She lives in Colonia Tres Piedras (three rocks), marked by three Flinstone-looking boulders. At the time her comedor was still under construction, so we sat in the shell of the dining room and Catalina told me about her life. We talked for about two hours: about her sister’s passing to cancer, embracing life as a cocinera, motherhood, and yes, about food. Here’s an abbreviated version. At the end she fed me a plate of mole negro, glistening over a pile of white rice. It was perfect.

How did you learn to cook?

I’m the third generation of cooks in my family. This chef asked me once if I went to culinary school and I said yes, I studied at the best school possible: because when you mess up you get a slap on the head! With an onion, with a chile, with whatever is in the kitchen.

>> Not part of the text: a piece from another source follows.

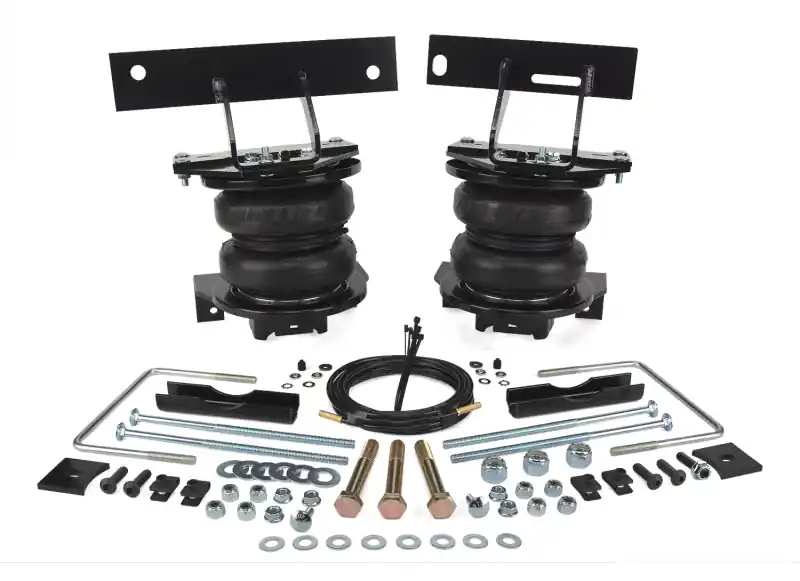 The LoadLifter 7500 XL Ultimate offers support for the heaviest tows with an internal jounce bumper, absorbing shock for the smoothest ride. Air Lift’s fully adjustable, industry-leading air springs are the perfect upgrade for your vehicle, eliminating any issues you might face when towing and hauling. With Air Lift’s LoadLifter 7500 XL Ultimate and the added stability that air springs provide, you can haul safely, knowing that you have optimal braking and steering control. The kit offers up to 7,500 lbs. load-leveling capacity while eliminating squat, trailer sway, body roll and bottoming out for select Ford F-350, dual rear wheel and four-wheel drive. The LoadLifter 7500 XL Ultimate kit is set apart by a pair of massive 7-inch, double-convoluted bellows air springs. The larger air springs allow for better leveling abilities at lower air pressures than similar systems, keeping your cargo safe and secure while ensuring a more comfortable ride.The closed-cell urethane foam jounce bumper inside the air spring provides a cushion of air that absorbs shock, eliminates harsh jarring on rough roads, and protects vehicles carrying heavy loads. An Air Lift exclusive, the kit features upper and lower roll plates for added protection. All end caps are made with an ultra-high-strength nylon composite formula, strong as steel but much lighter and corrosion-proof. The air springs are built like tires, reinforced with 2-ply fabric for maximum strength. With the added stability that air springs provide, you can haul safely, knowing that you have optimal braking and steering control. The LoadLifter 7500 XL Ultimate has up to 20% more air spring volume when compared to Air Lift’s LoadLifter 5000 series. The LoadLifter 7500 XL Ultimate’s air springs are maintenance-free, can run safely on zero air pressure, and are fully adjustable from 5-100 PSI for precise control. Do not exceed the vehicle’s gross vehicle weight rating (GVWR).

My mom had a strong personality. She became a widow when I was 11-years-old. My dad was an alcoholic. She said that all she thought about was how to get food on the table for her kids. Imagine: you have an alcoholic husband, you have to get food on the table, you have to take care of your kids, you have to clean, and all that pressure falls on you and you don’t have any way to let off steam.

I told my mom in the end that I understand. My grandmother was a widow too. You understand eventually that they had to figure out how to do what they needed to do and that shaped them. It shaped me too, because I saw that if you work hard at a job you can provide for what you need in life.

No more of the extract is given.